Red Lodge Clay Center – Short-Term Resident 2018
Jake was born and raised in Helena, Montana where he spent much of his childhood exploring the outdoors. While studying psychology and neuroscience at Colorado College he often found himself in the school’s ceramic studio, and after graduating he decided to fully pursue ceramics. He spent time at Arrowmont School of Crafts and Penland School of Crafts as a work-study student, immersing himself in workshops before focusing his studio practice on wood and soda fired pots. He returned to Montana in 2016 to be closer to family and was quickly pulled into the clay community of Helena. He currently resides in Helena, where he works as a studio technician at the Archie Bray Foundation and continues to explore his love of clay and handmade pots.
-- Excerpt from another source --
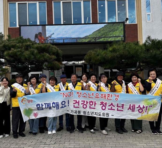[메이저뉴스]밀양시 가곡동은 청소년 지도위원(위원장 김명숙)과 함께 지역 내 학교 주변과 밀양역 일대에서 청소년 유해환경 개선 캠페인을 펼쳤다고 23일 밝혔다.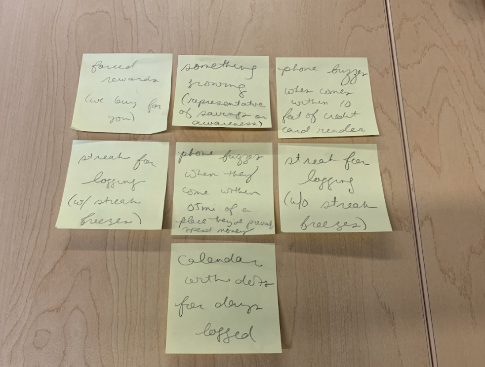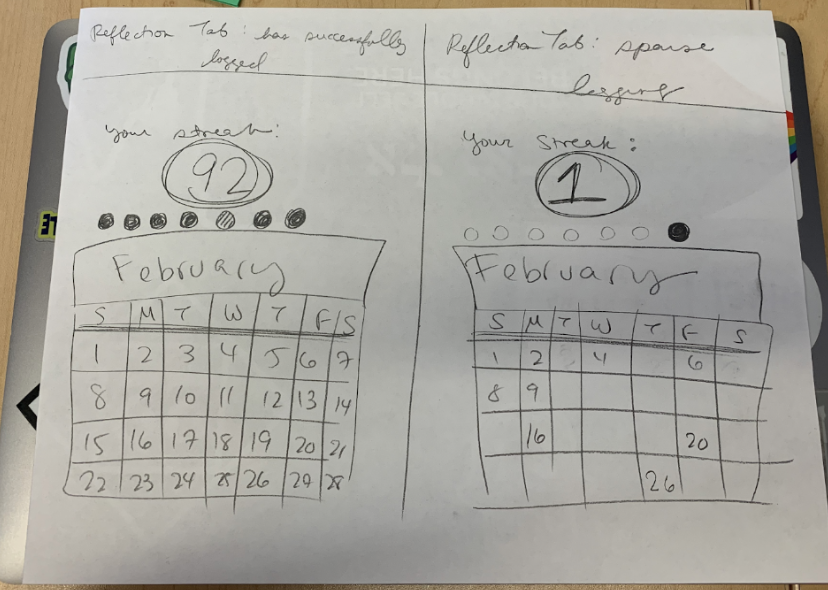 With the main functionality of our app corroborated by our intervention study, we moved on to investigating different implementations that might help users stick to using our app. We explored various solutions, including an anthropomorphic representation of continuous login, streaks, and a calendar overview. Through the last exercise (paper concept sketch), we decided that these features could likely work in tandem and can be pursued simultaneously.

I am endlessly drawn to clay as a material and to the duality of its working malleability and fired rigidity. I strive to make pots that exude the softness of wet clay, capturing a moment in time when they were made, yet which stand on their own as a vessel with the potential to survive much longer than myself. I am influenced by artifacts and decaying remnants of human life – things such as relics, old buildings, stone, and rusting metal which mark the effects of time, erosion, and growth.
I have a profound love for my home state of Montana and the vast outdoors that I grew up exploring. The extreme landscape and climate shapes my decisions about forms, surface treatments, and firing techniques. I primarily fire my work in soda and wood kilns, which accentuate lines and curves much the way wind and snow accentuate the edges of trees or the slope of a hill. Dark clay sets a backdrop for soft slips and glazes to create veiled layers of depth. These rich surfaces capture the allure and the tension of clay that constantly motivates me and pushes the exploration of my work.